As the Cold War began to grind its way through the 1950s, notes former Washington Post military reporter Vogel (Through the Perilous Fight: Six Weeks That Saved the Nation, 2013, etc.), British and American intelligence agencies began to look for ways to intercept Soviet signals. The telephone was obvious, and British agents had already used the tunnel network of Vienna to tap into Soviet lines. But Berlin was the better locale: “Just as all roads led to Rome, all calls—including to and from Moscow—were routed through Berlin.” Thus, an ambitious tunneling project was put into motion only for the Allies to be thwarted when the Soviets learned of the tunnel, a discovery that afforded the possibility of “a big propaganda splash” when Khrushchev made a state visit to London.
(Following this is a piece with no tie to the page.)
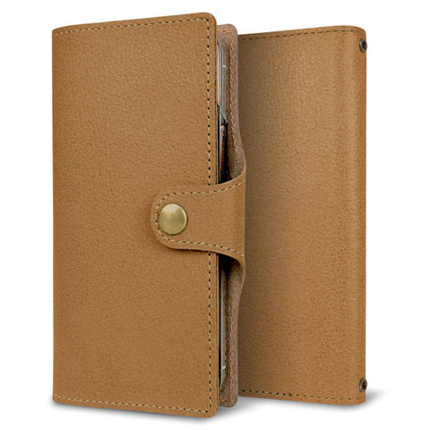 天然シュリンクレザーを使った手帳型のスマホケースです。

Why hadn’t the tap been detected when it was first made? “Everyone must have been quite drunk,” commented an East German technician after taking a look at the alien cables. For all that, Khrushchev kept mum, knowing that if he revealed that the Soviets knew about the tunnel, they would provide clues as to who had made them aware of the project—that source being an overly confident British double agent named George Blake. In time, Blake was discovered and jailed only to break out of prison and make his way across the Iron Curtain in a daring escape. Combing through declassified documents and intelligence archives and drawing on interviews with Blake, Vogel delivers a swiftly moving, richly detailed, and sometimes improbable narrative, surpassing an earlier study of the tunnel affair, David Stafford’s Spies Beneath Berlin (2003).
As well paced as a le Carré novel, with deep insight into the tangled world of Cold War espionage.